> _Exercise description_:
Word for word, restate the lines from the one holding "大家好,我是小跳,我来为大家" through the last line of the material below, and leave every picture out.

> _Listed records_:
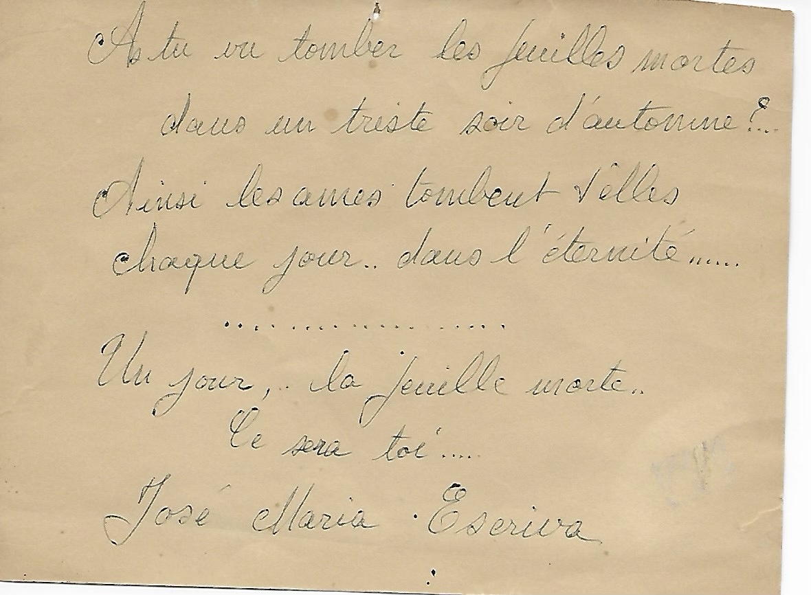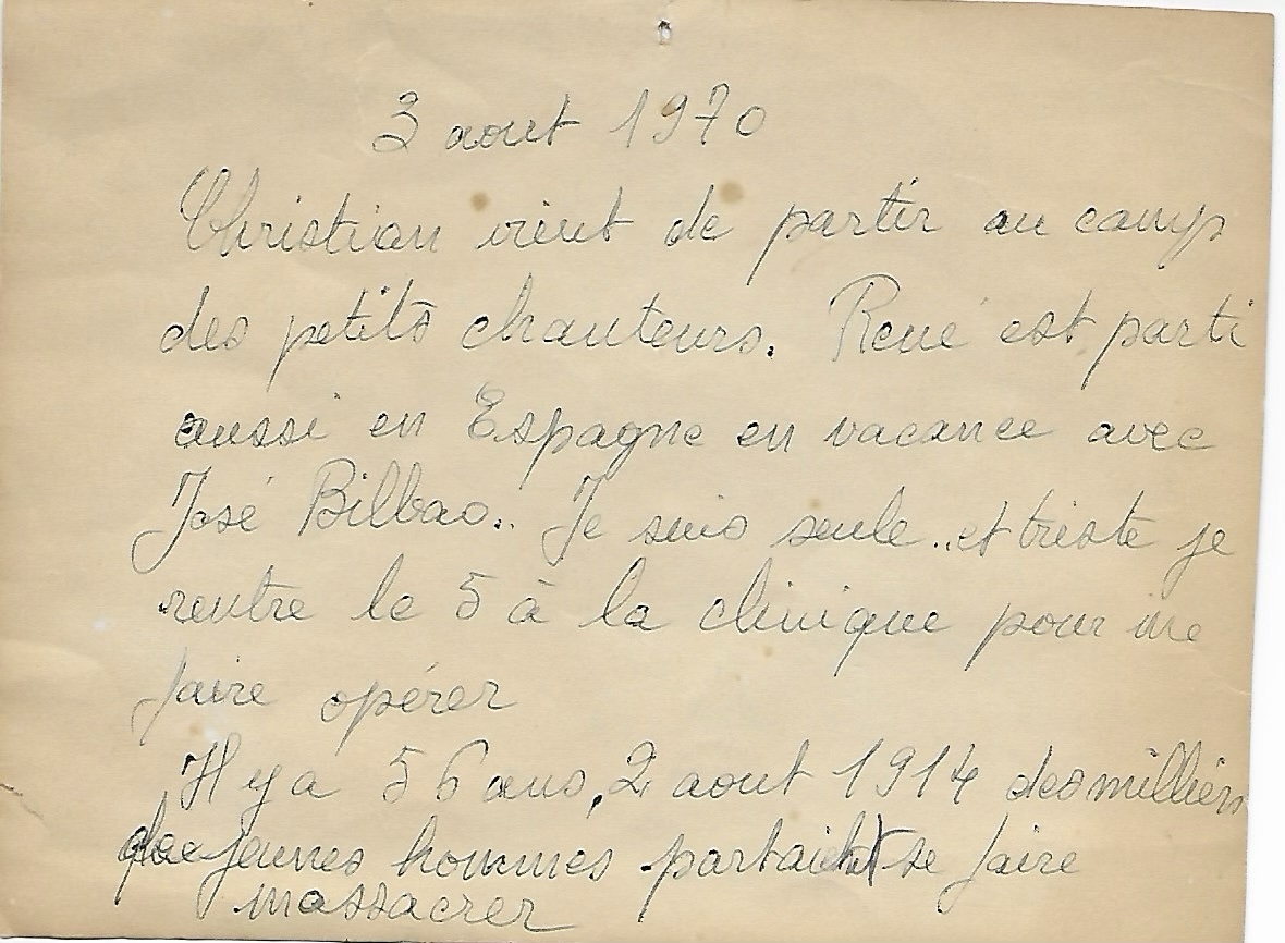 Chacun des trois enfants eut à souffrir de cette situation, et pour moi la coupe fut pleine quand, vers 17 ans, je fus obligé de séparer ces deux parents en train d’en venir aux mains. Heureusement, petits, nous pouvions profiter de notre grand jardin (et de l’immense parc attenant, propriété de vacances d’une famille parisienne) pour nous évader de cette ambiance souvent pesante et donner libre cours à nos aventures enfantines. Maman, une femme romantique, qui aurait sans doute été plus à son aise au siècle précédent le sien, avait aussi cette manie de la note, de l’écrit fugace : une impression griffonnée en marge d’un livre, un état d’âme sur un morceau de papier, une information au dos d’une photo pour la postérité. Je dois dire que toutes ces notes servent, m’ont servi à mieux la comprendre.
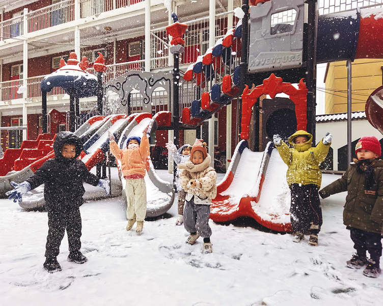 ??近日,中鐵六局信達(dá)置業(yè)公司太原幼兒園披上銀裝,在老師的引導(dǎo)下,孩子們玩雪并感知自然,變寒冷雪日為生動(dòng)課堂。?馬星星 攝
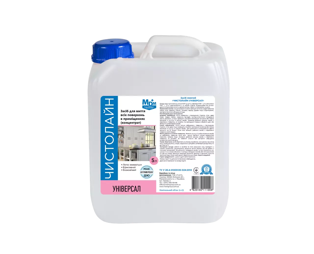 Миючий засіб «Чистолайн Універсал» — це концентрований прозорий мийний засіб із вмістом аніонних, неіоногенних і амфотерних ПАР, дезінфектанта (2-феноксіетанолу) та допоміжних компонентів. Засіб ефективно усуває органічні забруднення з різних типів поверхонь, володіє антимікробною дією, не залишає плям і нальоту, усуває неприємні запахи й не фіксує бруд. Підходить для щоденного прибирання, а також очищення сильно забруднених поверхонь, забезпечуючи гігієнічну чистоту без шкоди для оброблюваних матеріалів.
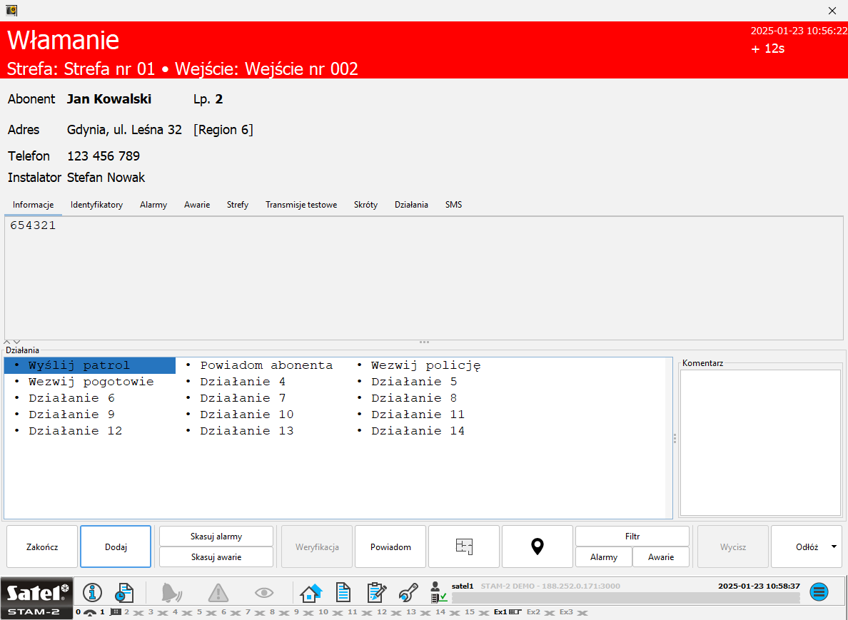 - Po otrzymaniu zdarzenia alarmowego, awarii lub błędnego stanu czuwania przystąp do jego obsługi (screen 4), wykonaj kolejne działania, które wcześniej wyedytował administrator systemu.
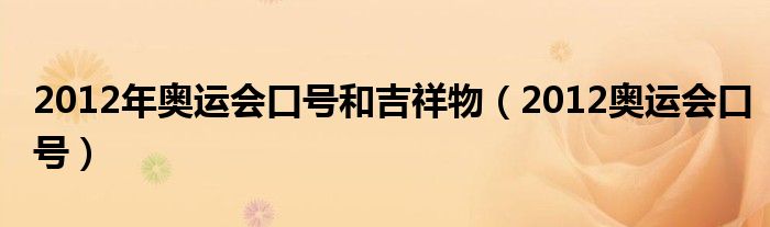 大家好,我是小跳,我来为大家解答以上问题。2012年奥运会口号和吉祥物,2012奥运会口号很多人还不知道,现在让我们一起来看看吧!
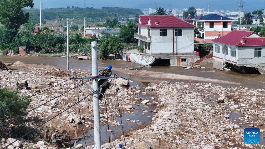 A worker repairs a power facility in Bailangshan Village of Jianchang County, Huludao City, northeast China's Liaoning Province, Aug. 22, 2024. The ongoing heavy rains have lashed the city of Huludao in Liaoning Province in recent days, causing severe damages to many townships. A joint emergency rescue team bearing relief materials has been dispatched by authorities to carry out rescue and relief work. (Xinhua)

> _Written answer_:
 大家好,我是小跳,我来为大家解答以上问题。2012年奥运会口号和吉祥物,2012奥运会口号很多人还不知道,现在让我们一起来看看吧!
 A worker repairs a power facility in Bailangshan Village of Jianchang County, Huludao City, northeast China's Liaoning Province, Aug. 22, 2024. The ongoing heavy rains have lashed the city of Huludao in Liaoning Province in recent days, causing severe damages to many townships. A joint emergency rescue team bearing relief materials has been dispatched by authorities to carry out rescue and relief work. (Xinhua)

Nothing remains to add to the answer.